Dün sabah Kubilay'ı anma törenlerini izlemek üzere Menemen'e gittik. Fakat CHP ne kadar aksini savunsa da olay siyasete alet edildi.
Bir tarafta CHP Genel Merkez yanlıları, diğer tarafta Mustafa Sarıgül yanlıları. Benim önceliğim Kubilay'dan yana idi. Bu sebeple gelin öncelikle Menemen olayını bir hatırlayalım;
"Genç Cumhuriyet rejiminin 1925 yılındaki Şeyh Sait isyanından sonra tanık olduğu ikinci önemli irtica olayı, "Menemen Olayı-Kubilay Olayı" olarak tarihe geçti.
Menemen'de 23 Aralık 1930'da patlak veren Cumhuriyet karşıtı olayda yedek subaylığını yapmakta olan öğretmen Kubilay, şeriat isteyenler tarafından öldürüldü. Menemen olayının izleri toplumsal bellekten hiç silinmedi. Kubilay, "devrim şehidi" olarak simgeleşti.
NAKŞİBENTİ TARİKATI
Olayın elebaşısı "mehdi" olduğunu iddia eden Giritli Mehmet (Derviş Mehmet) adında Nakşibendi tarikatına bağlı biriydi. 7 Aralık'ta 6 müridiyle (Şamdan Mehmet, Sütçü Mehmet Emin, Nalıncı Hasan, Küçük Hasan) Manisa'dan yola çıkan Derviş Mehmet, 23 Aralık sabahı, gün doğarken Menemen'e girdi. Belediye Meydanı'nda çevresine topladığı yaklaşık yüz kişiyle zikrederek şeriat ilan etmeye kalkıştı. Meydandaki kalabalığın bir bölümü çağrısına uymuş, bir bölümü ise seyirci kalmayı yeğlemişti.
UTANILACAK BİR OLAY
Silahlı olan asiler bir müfrezenin başında olaya müdahale eden yedeksubay Asteğmen Kubilay'ı hemen ardından da Hasan ve Şevki adındaki iki mahalle bekçisini öldürdüler.
Olay, arkadan yetişen askeri birlikler tarafından şiddetle bastırıldı. Bu arada Derviş Mehmet de vuruldu. Kaçanlar yakalandı, ilişkisi olanlar hakkında hemen kovuşturma başlatıldı.

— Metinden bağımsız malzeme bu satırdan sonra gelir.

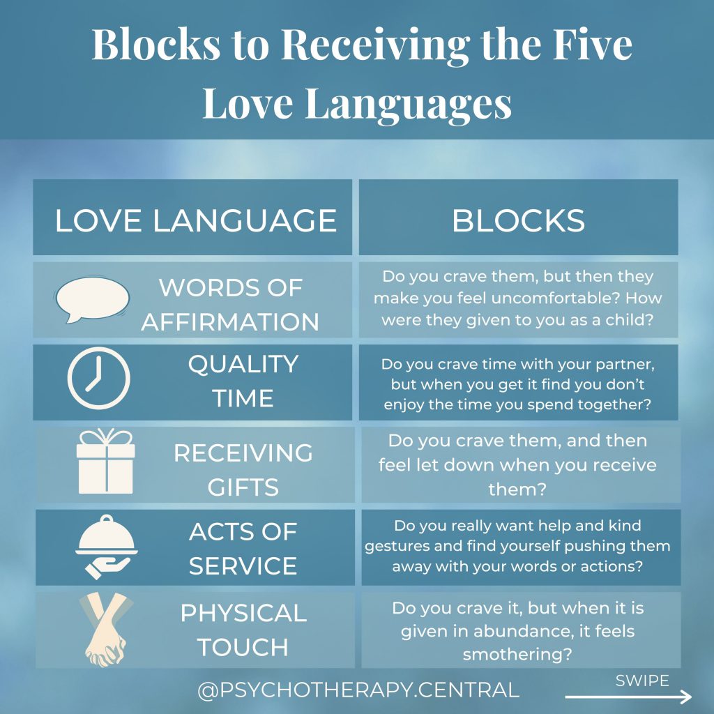 Once we know what our love languages are, it is interesting to think about the extent to which we allow love in. For example, we might crave words of affirmation, but when they are given part of us pushes them away or cringles a little bit, or maybe thinks they are not authentic.

Mustafa Kemal Paşa, 28 Aralık'ta orduya gönderdiği başsağlığı mektubunda şöyle diyordu:
"Mürtecilerin (gericilerin) gösterdiği vahşet karşısında Menemen'deki ahaliden bazılarının alkışla tasvipkar bulunmaları bütün cumhuriyetçi ve vatanperverler için utanılacak bir hadisedir."
YIL 2004
Ve yine 23 Aralık günü Menemen'deyiz. Kubilay Anıtı'na doğru kalabalık bir CHP'li grubu, sivil toplum örgütleri topluluğu ve halkla beraber yürüyoruz. Bir ara Kubilay Anıtı'nın tam karşısındaki tepeye gözüm takıldı.
Olanca heybetiyle karşı tepede hemen hemen aynı hizaya bir cami inşa edilmiş. Bir manası var mı, acaba diye düşündüm. Bu yıl da Kubilay oldukça kalabalık ve görkemli bir şekilde anıldı. Bir de işin şov kısmı olmasaydı...

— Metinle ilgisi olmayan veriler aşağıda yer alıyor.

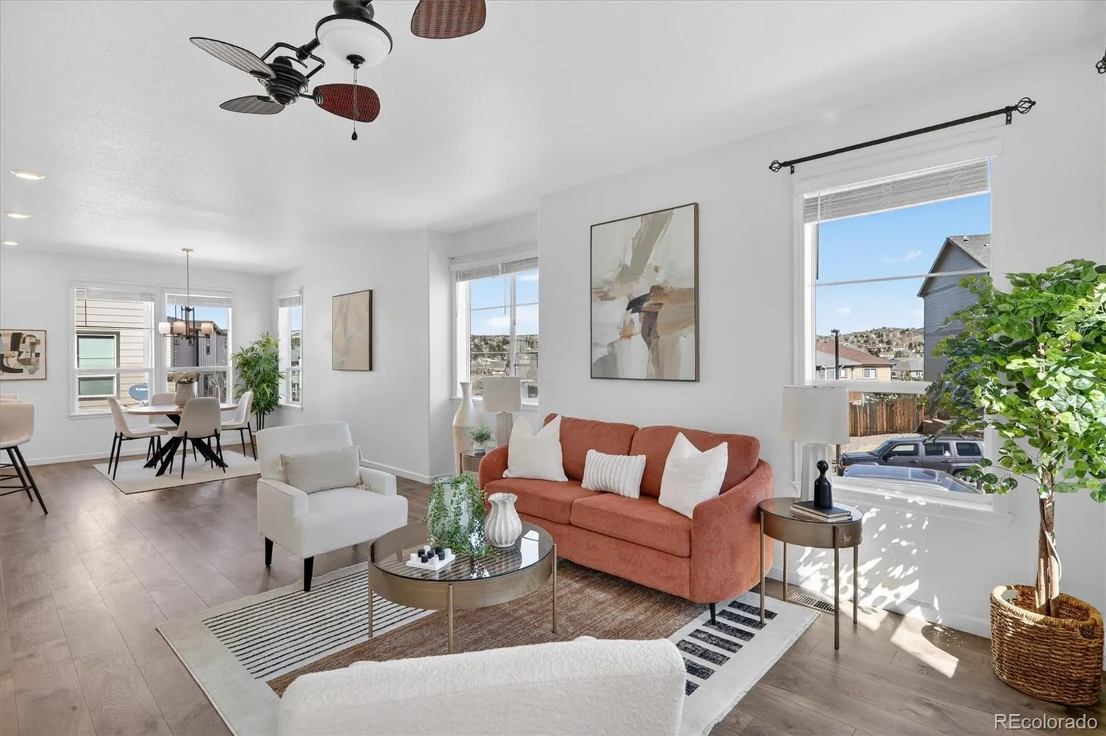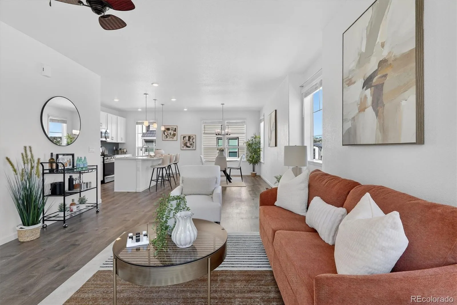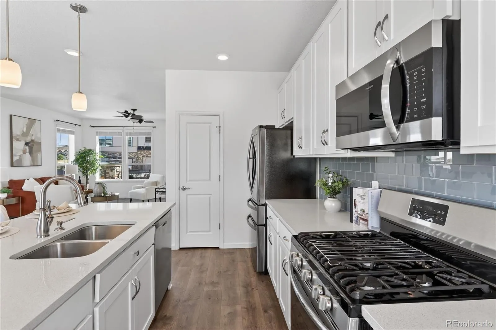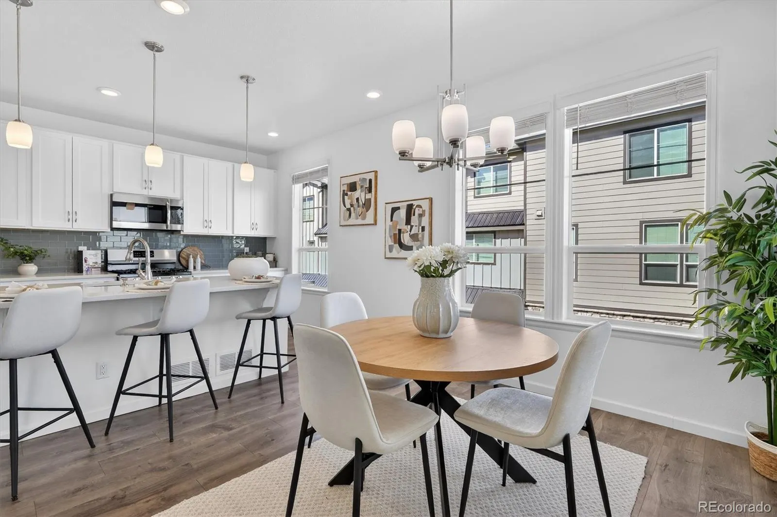 Welcome to 1592 Castle Creek Circle—an exceptional end-unit townhome that stands out with natural light, modern finishes, and a versatile multi-level design that lives larger than expected. With additional windows and only one shared wall, this home offers a bright, airy feel and added privacy that’s hard to find. The main living level is designed to impress, featuring an open-concept layout where the living room, dining area, and kitchen come together seamlessly. The kitchen is both stylish and functional, showcasing white cabinetry, sleek countertops, a spacious island with seating, and stainless steel appliances—all opening to a private patio, perfect for enjoying Colorado’s sunshine or winding down at the end of the day. On the entry level, you’ll find a flexible room ideal for a home office, guest space, workout area, or creative studio—conveniently located near the attached 2-car garage for easy everyday living. Upstairs, the primary suite offers a comfortable retreat with abundant natural light, an en-suite bathroom, and generous closet space. The upper level also includes a full bathroom and conveniently located laundry, adding to the home’s thoughtful and efficient layout. This low-maintenance property is ideally situated with easy access to parks, trails, shopping, dining, and commuter routes. Combining style, function, and location, this end-unit offers the kind of everyday living that feels easy, elevated, and ready to enjoy.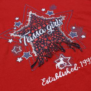 Camiseta infantil na qualidade Tassa, fabricada em tecido 100% Algodão na cor Vermelho, possui mangas curtas perfeita para os dias de calor, gola tradicional e estampa na parte frontal. Uma peça perfeita para sua pequena, sendo bastante versátil!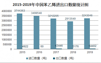 2015-2019年中國苯乙烯進出口數量統計圖
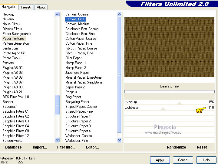 2. Effetti>Plugins>Filters Unlimited 2.0 - Paper Textures - Canvas,Fine.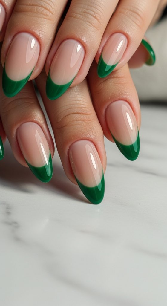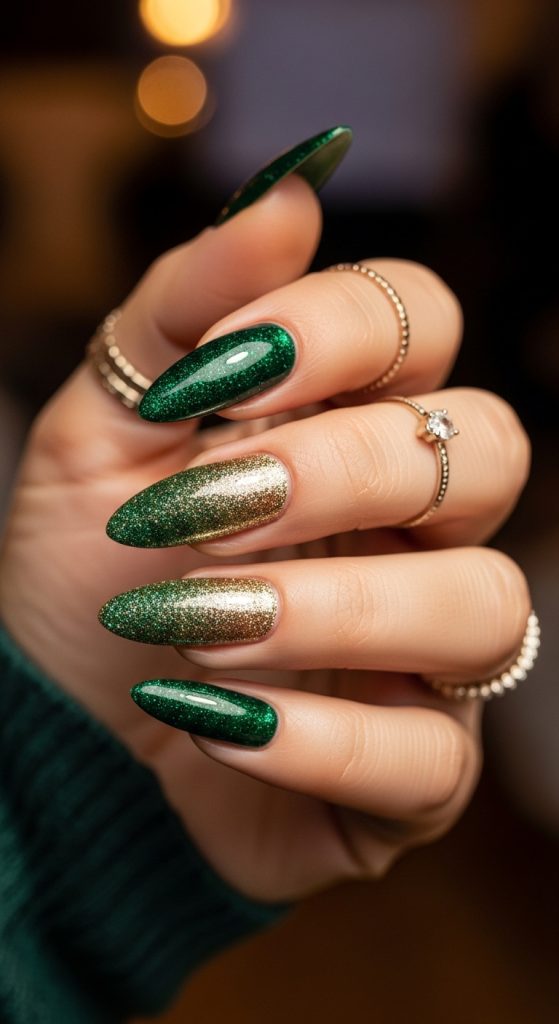 If you love glam styles, try a green-to-gold glitter ombre design. Start with a dark green base and gradually blend gold glitter toward the tips.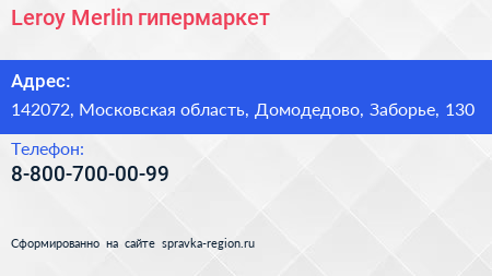 Leroy Merlin, гипермаркет по адресу 142072, Московская область, Домодедово, Заборье, 130 в дальнейшем Организация, размещена в следующих категориях:
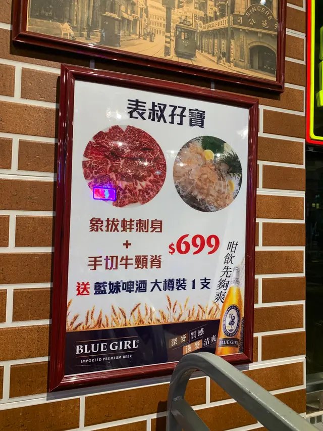 表叔孖寶: 象拔蚌刺身+手切牛頸脊 $699 送藍莓啤酒大支裝一支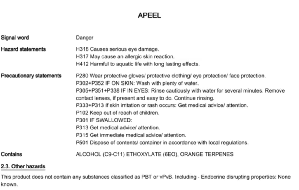 Apeel Safety Data Sheet 1: https://www.evansvanodine.co.uk/assets/eng_apeel.pdf

Yeri miydi? İşte CHP burada hata yaptı. Orada hazır bulunan kalabalığı siyasete alet etmek yanlıştı. Menemen Belediye Başkanı Tahir Şahin bile olayın belki de bu boyutlara ulaşacağını tahmin etmedi.
Sarıgül olayı bir çok zeminde tartışılıyor. Kendisini izliyorum, elinde sürekli sarı bir gül taşıyan zarif eşiyle Mustafa Sarıgül Türkiye'nin Belediye Başkanı imajıyla Türkiye'nin her türlü belediye etkinliklerinde yer almaya çalışıyor.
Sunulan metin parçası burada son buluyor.